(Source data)
──────────────────────────────
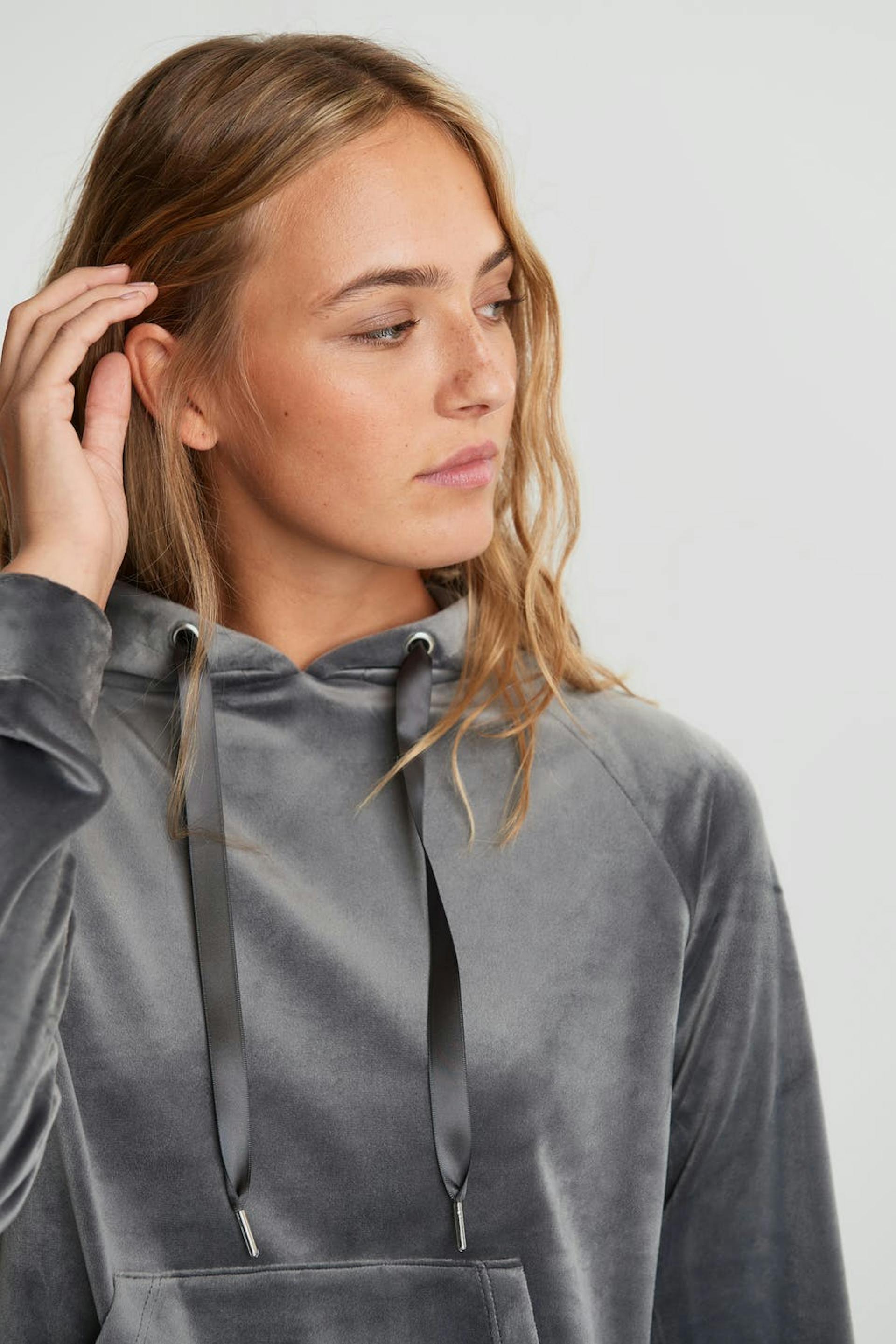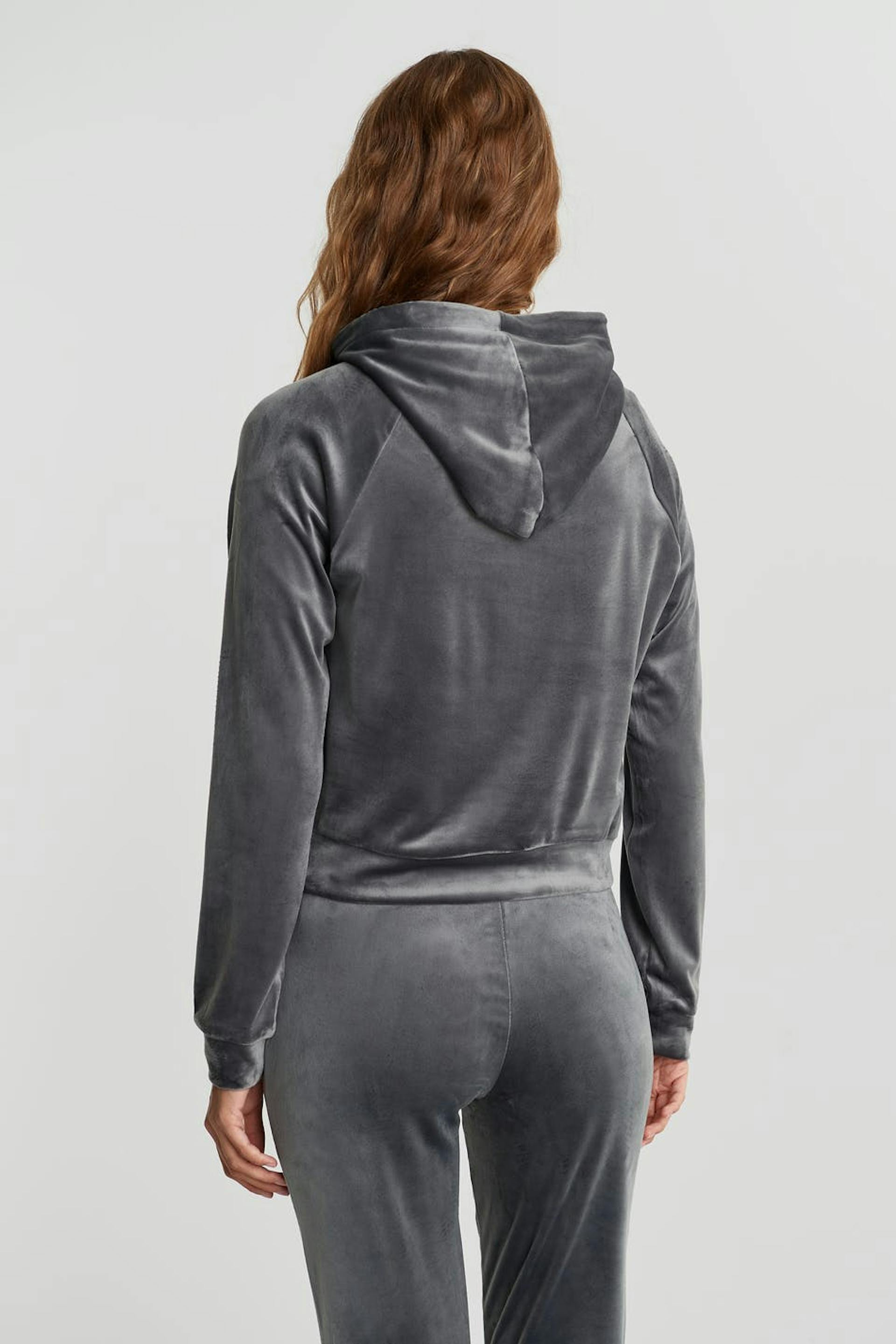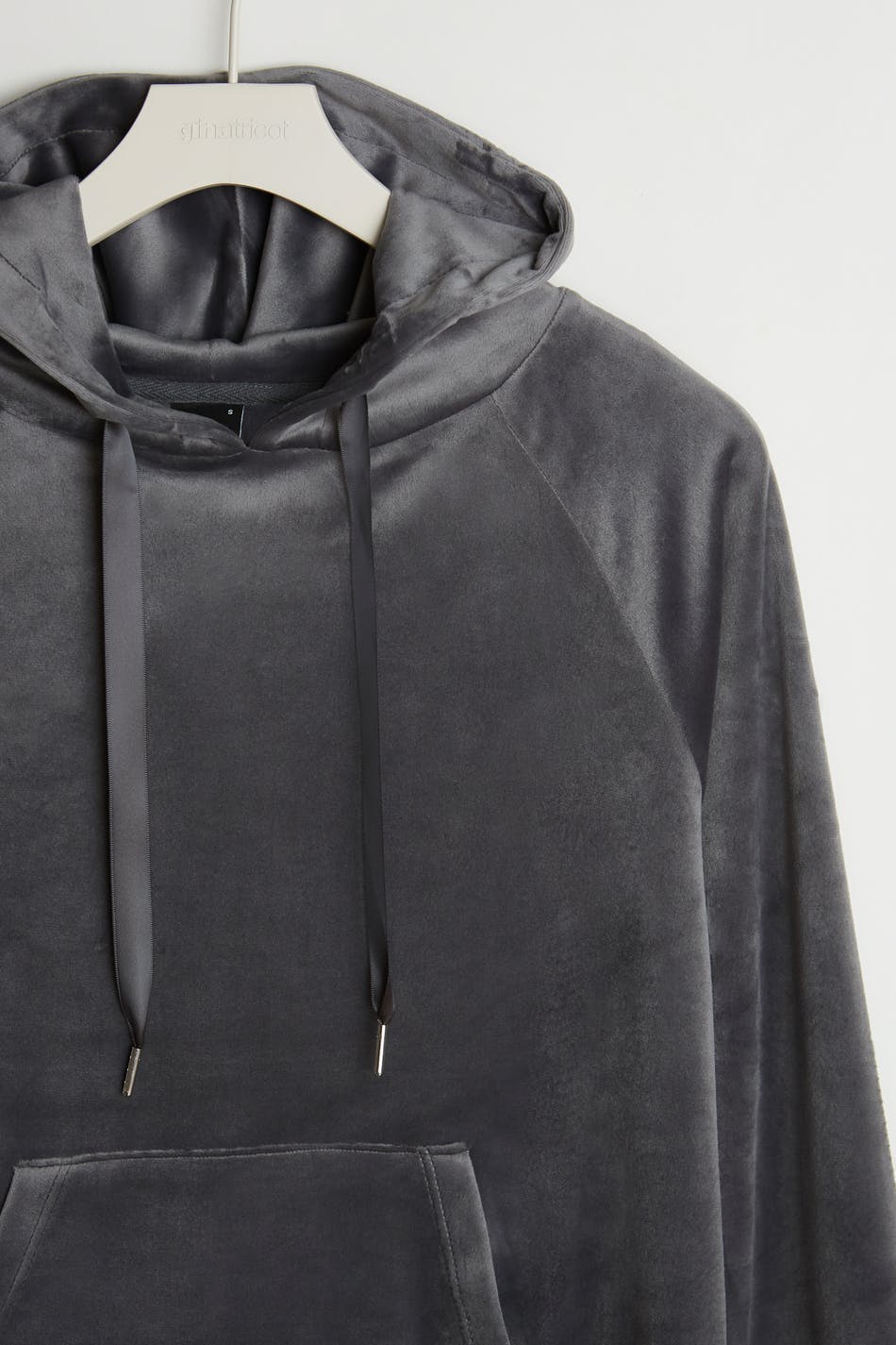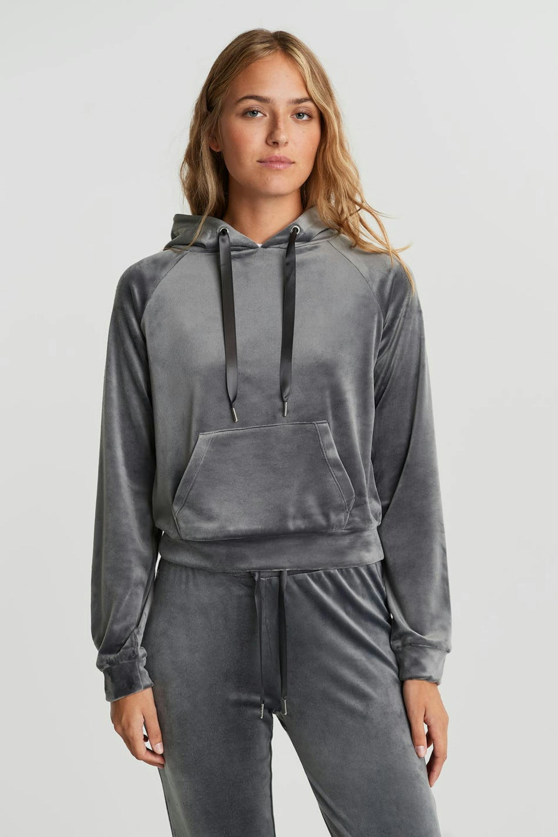 Pullover mit einer Kapuze mit einem Kordelzug aus Satin. Der Pullover ist dunkelgrau und hat eine Beuteltasche auf der Vorderseite. Er ist hergestellt aus Velours. Von Feuerquellen fernhalten.
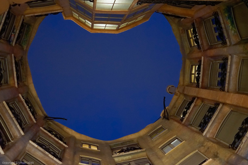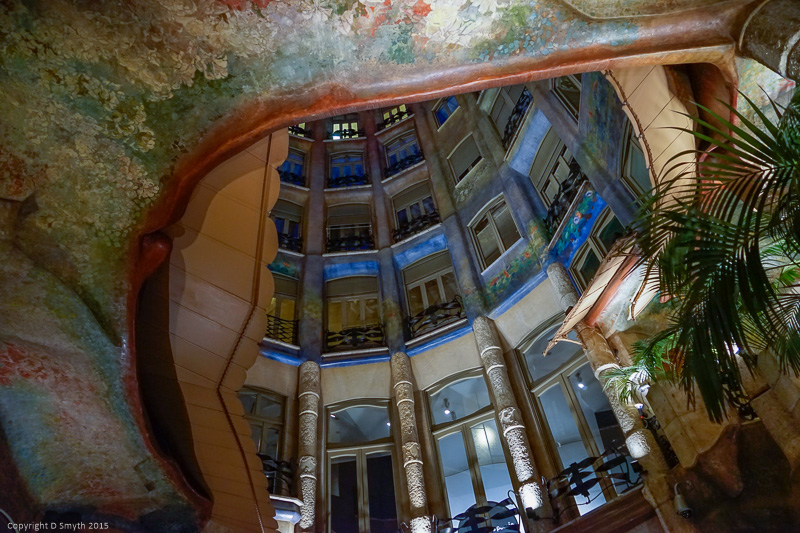 Today, I had planned to bring you some night views of Barcelona from the roof of La Pedrera.  I had booked myself on a night tour before I left home this morning and although I knew the weather had been decidedly damp yesterday, my forecast said only a 3% chance of rain for the afternoon and evening.  I turned up just before the allotted time, as per the ticket instructions, and had the luxury of waiting in the entrance area for a while, admiring the flower-decorated walls and ceiling and gazing at the midnight blue sky.
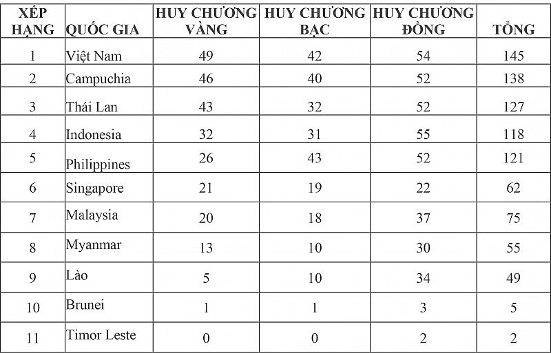 BẢNG TỔNG SẮP HUY CHƯƠNG SEA GAMES 32 – NGÀY 10/5:
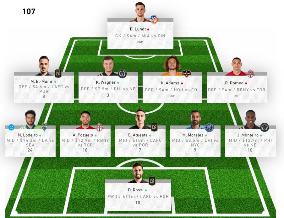 Seattle’s Nouha Tolo ($7.4) led the defenders with 17 points on a clean sheet and an assist, followed by Aaron Long (NYR, $8.2), who paired a goal and a clean sheet on the way to 16 points. Jorge Villafaña (POR, $9.2) rounded out the top three with an assist, a clean sheet, and 13 points. The D.C. defense featured Donovan Pines ($8.1) with 8 points, followed by both Frederic Brillant ($6.1) and Oneil Fisher ($4.0) with 7 each, and Joseph Mora ($6.6) with 6.
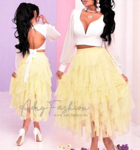 Fehér női topp muszlin ujjal hátul megkötővel felsőő
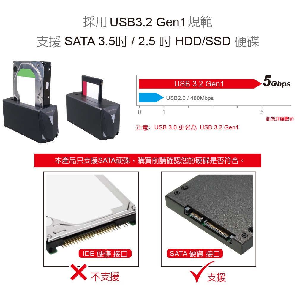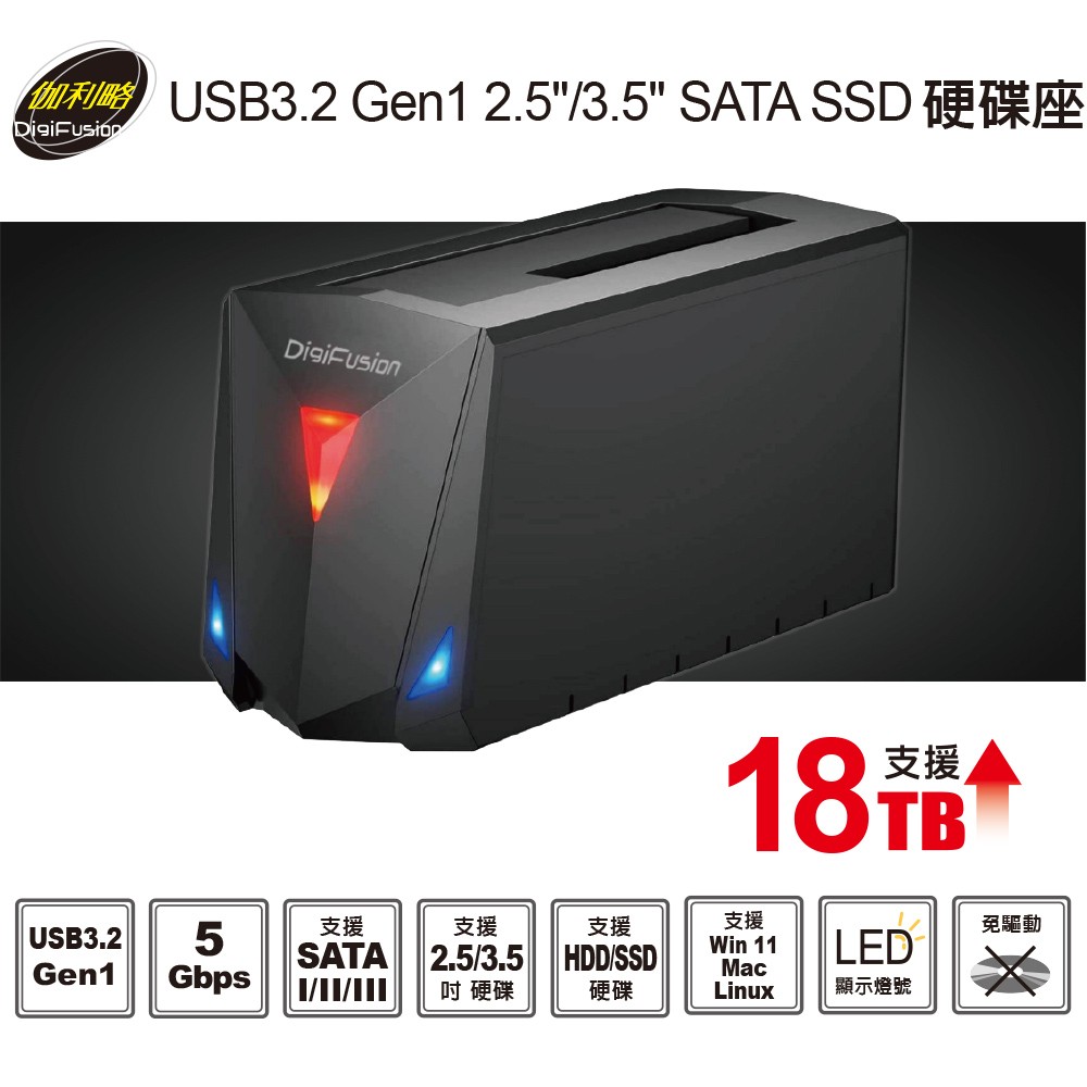 伽利略 USB3.2 Gen1 2.5/3.5" SATA SSD硬碟座
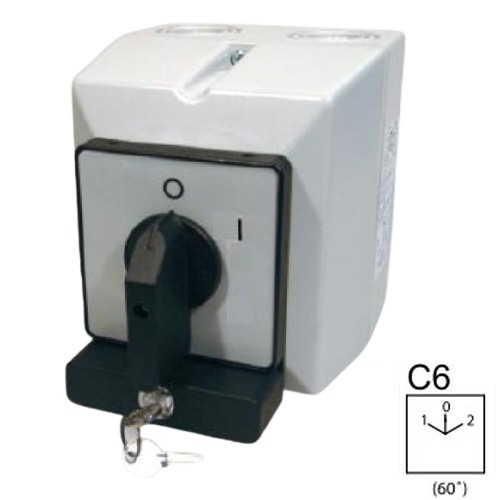 - SEZ S25 JPZ 9151 C6 Vačkový spínač v krytu IP54, uzamykatelný na zámek, reverzační přepínač 25A, 1-0-2
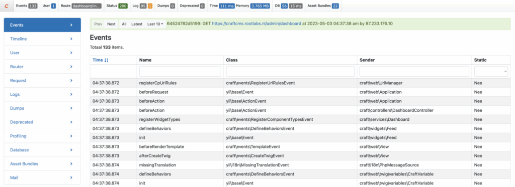 Met de Craft CMS debug bar kan je vervolgens de queries en processen bekijken die plaatsvinden wanneer je een pagina laadt of een actie uitvoert. Wanneer je weet hoe je het probleem kan reproduceren op de website kan deze tool handig zijn om tot een specifieke oorzaak te komen.
──────────────────────────────
Exercise - Every entry above should be restated word for word, with the images left out.

Response -
 Pullover mit einer Kapuze mit einem Kordelzug aus Satin. Der Pullover ist dunkelgrau und hat eine Beuteltasche auf der Vorderseite. Er ist hergestellt aus Velours. Von Feuerquellen fernhalten.
 Today, I had planned to bring you some night views of Barcelona from the roof of La Pedrera.  I had booked myself on a night tour before I left home this morning and although I knew the weather had been decidedly damp yesterday, my forecast said only a 3% chance of rain for the afternoon and evening.  I turned up just before the allotted time, as per the ticket instructions, and had the luxury of waiting in the entrance area for a while, admiring the flower-decorated walls and ceiling and gazing at the midnight blue sky.
 BẢNG TỔNG SẮP HUY CHƯƠNG SEA GAMES 32 – NGÀY 10/5:
 Seattle’s Nouha Tolo ($7.4) led the defenders with 17 points on a clean sheet and an assist, followed by Aaron Long (NYR, $8.2), who paired a goal and a clean sheet on the way to 16 points. Jorge Villafaña (POR, $9.2) rounded out the top three with an assist, a clean sheet, and 13 points. The D.C. defense featured Donovan Pines ($8.1) with 8 points, followed by both Frederic Brillant ($6.1) and Oneil Fisher ($4.0) with 7 each, and Joseph Mora ($6.6) with 6.
 Fehér női topp muszlin ujjal hátul megkötővel felsőő
 伽利略 USB3.2 Gen1 2.5/3.5" SATA SSD硬碟座
 - SEZ S25 JPZ 9151 C6 Vačkový spínač v krytu IP54, uzamykatelný na zámek, reverzační přepínač 25A, 1-0-2
 Met de Craft CMS debug bar kan je vervolgens de queries en processen bekijken die plaatsvinden wanneer je een pagina laadt of een actie uitvoert. Wanneer je weet hoe je het probleem kan reproduceren op de website kan deze tool handig zijn om tot een specifieke oorzaak te komen.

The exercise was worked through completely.